**Your assignment:** What is needed is the full listing written out exactly, minus the pictures.

+++ Recorded data

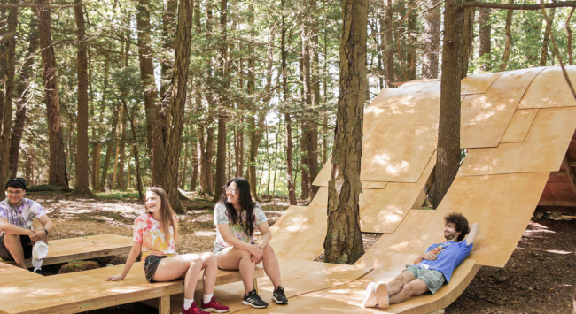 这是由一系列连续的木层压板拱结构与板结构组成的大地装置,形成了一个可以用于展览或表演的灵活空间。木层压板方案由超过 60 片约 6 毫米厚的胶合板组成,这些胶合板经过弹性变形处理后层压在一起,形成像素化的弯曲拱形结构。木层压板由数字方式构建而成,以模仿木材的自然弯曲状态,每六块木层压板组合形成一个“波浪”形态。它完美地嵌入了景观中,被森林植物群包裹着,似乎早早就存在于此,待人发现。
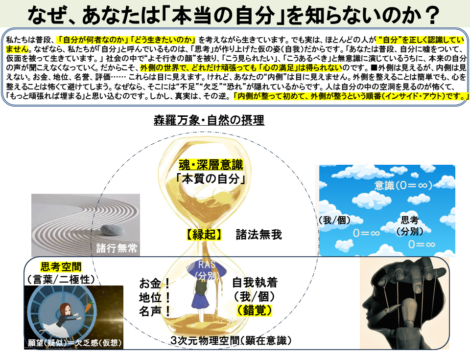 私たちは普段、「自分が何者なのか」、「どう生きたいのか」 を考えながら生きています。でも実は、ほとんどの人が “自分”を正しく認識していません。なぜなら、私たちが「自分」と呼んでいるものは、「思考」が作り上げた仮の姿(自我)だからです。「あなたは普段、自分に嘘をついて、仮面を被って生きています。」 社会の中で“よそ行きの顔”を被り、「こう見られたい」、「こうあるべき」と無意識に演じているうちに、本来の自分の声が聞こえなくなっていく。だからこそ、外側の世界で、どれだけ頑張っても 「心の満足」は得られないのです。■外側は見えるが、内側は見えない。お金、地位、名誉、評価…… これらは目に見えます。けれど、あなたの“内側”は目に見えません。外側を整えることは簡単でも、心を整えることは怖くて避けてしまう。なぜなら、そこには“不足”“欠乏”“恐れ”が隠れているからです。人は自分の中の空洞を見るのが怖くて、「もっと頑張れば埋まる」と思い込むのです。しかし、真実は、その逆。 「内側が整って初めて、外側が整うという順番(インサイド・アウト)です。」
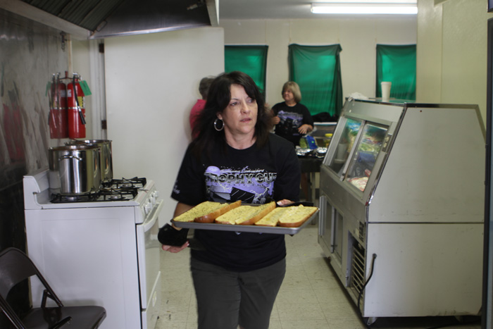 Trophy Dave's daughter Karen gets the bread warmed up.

++++++

**Expected answer:**
 这是由一系列连续的木层压板拱结构与板结构组成的大地装置,形成了一个可以用于展览或表演的灵活空间。木层压板方案由超过 60 片约 6 毫米厚的胶合板组成,这些胶合板经过弹性变形处理后层压在一起,形成像素化的弯曲拱形结构。木层压板由数字方式构建而成,以模仿木材的自然弯曲状态,每六块木层压板组合形成一个“波浪”形态。它完美地嵌入了景观中,被森林植物群包裹着,似乎早早就存在于此,待人发现。
 私たちは普段、「自分が何者なのか」、「どう生きたいのか」 を考えながら生きています。でも実は、ほとんどの人が “自分”を正しく認識していません。なぜなら、私たちが「自分」と呼んでいるものは、「思考」が作り上げた仮の姿(自我)だからです。「あなたは普段、自分に嘘をついて、仮面を被って生きています。」 社会の中で“よそ行きの顔”を被り、「こう見られたい」、「こうあるべき」と無意識に演じているうちに、本来の自分の声が聞こえなくなっていく。だからこそ、外側の世界で、どれだけ頑張っても 「心の満足」は得られないのです。■外側は見えるが、内側は見えない。お金、地位、名誉、評価…… これらは目に見えます。けれど、あなたの“内側”は目に見えません。外側を整えることは簡単でも、心を整えることは怖くて避けてしまう。なぜなら、そこには“不足”“欠乏”“恐れ”が隠れているからです。人は自分の中の空洞を見るのが怖くて、「もっと頑張れば埋まる」と思い込むのです。しかし、真実は、その逆。 「内側が整って初めて、外側が整うという順番(インサイド・アウト)です。」
 Trophy Dave's daughter Karen gets the bread warmed up.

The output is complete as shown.